Entries shown Block Start

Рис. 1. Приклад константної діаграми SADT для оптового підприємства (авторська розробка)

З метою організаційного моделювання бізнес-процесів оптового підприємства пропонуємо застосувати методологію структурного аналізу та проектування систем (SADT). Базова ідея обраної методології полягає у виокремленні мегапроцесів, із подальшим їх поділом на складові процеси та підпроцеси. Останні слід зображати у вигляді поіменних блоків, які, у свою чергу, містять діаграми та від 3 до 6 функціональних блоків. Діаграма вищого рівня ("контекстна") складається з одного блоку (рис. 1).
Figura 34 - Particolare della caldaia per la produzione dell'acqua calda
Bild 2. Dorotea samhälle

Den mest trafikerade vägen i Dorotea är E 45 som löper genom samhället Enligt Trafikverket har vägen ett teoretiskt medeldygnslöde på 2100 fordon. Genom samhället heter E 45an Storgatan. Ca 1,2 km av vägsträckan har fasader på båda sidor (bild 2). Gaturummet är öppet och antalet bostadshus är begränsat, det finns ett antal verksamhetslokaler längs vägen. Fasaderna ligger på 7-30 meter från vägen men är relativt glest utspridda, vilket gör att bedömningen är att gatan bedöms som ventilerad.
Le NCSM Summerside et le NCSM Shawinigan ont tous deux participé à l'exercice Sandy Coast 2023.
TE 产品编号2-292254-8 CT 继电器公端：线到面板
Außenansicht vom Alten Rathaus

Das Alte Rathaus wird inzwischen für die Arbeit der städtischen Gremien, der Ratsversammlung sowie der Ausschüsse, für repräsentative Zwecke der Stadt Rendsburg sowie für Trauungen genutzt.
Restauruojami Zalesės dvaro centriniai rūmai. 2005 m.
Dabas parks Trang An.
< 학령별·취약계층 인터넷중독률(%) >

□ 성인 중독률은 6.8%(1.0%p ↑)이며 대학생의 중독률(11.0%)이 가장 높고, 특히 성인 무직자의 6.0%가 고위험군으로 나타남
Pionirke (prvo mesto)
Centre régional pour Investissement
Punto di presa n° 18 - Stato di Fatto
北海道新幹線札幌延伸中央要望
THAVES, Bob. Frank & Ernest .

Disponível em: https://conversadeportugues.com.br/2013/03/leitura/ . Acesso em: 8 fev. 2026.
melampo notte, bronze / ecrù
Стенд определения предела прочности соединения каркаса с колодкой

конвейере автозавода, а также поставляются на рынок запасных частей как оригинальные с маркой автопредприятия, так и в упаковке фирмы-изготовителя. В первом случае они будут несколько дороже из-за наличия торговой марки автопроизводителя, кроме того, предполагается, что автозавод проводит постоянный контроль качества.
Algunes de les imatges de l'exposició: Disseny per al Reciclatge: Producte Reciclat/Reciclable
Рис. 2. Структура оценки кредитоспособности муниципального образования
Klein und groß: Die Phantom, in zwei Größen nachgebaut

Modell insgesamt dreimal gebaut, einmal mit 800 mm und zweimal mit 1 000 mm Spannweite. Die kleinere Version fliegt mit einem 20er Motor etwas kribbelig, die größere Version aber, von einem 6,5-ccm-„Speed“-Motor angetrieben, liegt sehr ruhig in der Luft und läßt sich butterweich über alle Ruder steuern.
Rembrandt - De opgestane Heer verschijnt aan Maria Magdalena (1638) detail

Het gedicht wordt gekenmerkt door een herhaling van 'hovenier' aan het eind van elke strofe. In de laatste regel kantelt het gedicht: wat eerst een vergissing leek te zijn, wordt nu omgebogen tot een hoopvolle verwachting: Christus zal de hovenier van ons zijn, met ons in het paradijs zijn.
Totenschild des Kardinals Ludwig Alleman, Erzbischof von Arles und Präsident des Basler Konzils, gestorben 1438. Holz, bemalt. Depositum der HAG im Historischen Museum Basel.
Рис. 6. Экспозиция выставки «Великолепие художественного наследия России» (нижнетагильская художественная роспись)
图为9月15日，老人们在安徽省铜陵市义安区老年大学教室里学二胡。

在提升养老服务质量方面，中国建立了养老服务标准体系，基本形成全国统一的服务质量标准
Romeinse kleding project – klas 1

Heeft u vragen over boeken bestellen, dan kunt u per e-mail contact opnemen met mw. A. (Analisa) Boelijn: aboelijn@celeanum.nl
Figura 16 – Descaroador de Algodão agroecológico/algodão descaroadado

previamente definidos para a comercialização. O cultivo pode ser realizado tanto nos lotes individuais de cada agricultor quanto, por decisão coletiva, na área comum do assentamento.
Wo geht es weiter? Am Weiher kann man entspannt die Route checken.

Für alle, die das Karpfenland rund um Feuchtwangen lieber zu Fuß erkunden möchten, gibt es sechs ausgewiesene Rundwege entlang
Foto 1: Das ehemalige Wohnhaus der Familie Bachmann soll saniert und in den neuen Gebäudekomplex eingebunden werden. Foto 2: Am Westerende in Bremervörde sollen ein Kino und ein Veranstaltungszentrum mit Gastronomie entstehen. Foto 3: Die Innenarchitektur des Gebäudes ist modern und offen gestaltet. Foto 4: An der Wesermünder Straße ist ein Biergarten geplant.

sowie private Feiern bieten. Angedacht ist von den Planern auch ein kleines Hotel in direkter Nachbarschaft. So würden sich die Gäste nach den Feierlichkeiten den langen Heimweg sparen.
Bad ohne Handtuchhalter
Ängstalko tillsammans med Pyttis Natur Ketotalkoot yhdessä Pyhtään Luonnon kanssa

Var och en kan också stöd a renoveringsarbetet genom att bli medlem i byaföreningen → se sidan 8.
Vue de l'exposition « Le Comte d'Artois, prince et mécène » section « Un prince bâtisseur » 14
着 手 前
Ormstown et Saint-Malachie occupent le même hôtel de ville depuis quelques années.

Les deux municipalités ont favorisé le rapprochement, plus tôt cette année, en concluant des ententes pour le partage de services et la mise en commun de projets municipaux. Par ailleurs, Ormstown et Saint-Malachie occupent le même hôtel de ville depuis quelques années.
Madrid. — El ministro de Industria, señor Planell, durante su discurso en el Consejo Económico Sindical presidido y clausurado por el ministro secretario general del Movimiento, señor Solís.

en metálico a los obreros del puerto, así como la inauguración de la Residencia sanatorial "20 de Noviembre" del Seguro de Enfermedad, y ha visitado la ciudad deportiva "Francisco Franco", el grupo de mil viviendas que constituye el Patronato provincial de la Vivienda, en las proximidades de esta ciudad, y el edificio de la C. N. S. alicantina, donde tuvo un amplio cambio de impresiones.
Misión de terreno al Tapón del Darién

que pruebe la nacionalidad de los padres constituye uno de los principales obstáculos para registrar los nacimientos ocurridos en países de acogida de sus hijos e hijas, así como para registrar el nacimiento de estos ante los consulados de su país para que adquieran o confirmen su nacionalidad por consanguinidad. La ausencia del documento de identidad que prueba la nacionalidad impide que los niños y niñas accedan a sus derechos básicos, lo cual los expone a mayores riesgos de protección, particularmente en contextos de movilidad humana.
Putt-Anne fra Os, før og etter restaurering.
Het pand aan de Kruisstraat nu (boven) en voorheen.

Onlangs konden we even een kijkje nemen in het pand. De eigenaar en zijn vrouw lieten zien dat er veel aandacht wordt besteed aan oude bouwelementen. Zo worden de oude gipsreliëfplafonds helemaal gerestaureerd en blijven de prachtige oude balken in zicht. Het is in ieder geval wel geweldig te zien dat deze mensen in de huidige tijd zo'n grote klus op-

Entries shown Block End

[What is expected] Check each line above for the string "Figura", then copy the ones that have it.

[Result of this task]
Figura 34 - Particolare della caldaia per la produzione dell'acqua calda
Figura 16 – Descaroador de Algodão agroecológico/algodão descaroadado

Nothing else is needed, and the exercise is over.